Using Bach Remedies to Release Guilt
Bach™ Original Flower remedies are a range of 38 flower essences made from wild flowers, trees and bushes, capturing the positive potential of the plants they’re made from. Dr Bach devoted his life to exploring the use of flowers and plants to create a simple, natural and gentle approach to emotional balance.
Bach flower remedies can help deal with and clear emotional/negative emotional and mental states. Their power to resolve and help dissolve feelings of guilt, sadness, invalidation, grief, fear, and anger is quite amazing.
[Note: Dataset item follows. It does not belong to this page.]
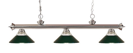 The simple styling of this three light fixture creates a classic statement. Finished in brushed nickel, this three light fixture uses half dark green metal, half clear ribbed glass shades to compliment its classic look.

Pine – for guilt, unworthiness and self-reproach
Willow – for self-pity, hurt, blame, resentment and bitterness
Honeysuckle – for living in the past, bereaved, nostalgia
Crab Apple – for self-loathing
Agrimony – for inner turmoil behind a cheerful face
Gentian – for discouragement after setbacks, pessimism
Holly – for (self) hatred, hostility
Add a few drops of your chosen remedy to a glass of water, 4 times a day or you can speak to a qualified Bach Practitioner for a tailored blend based on your unique needs.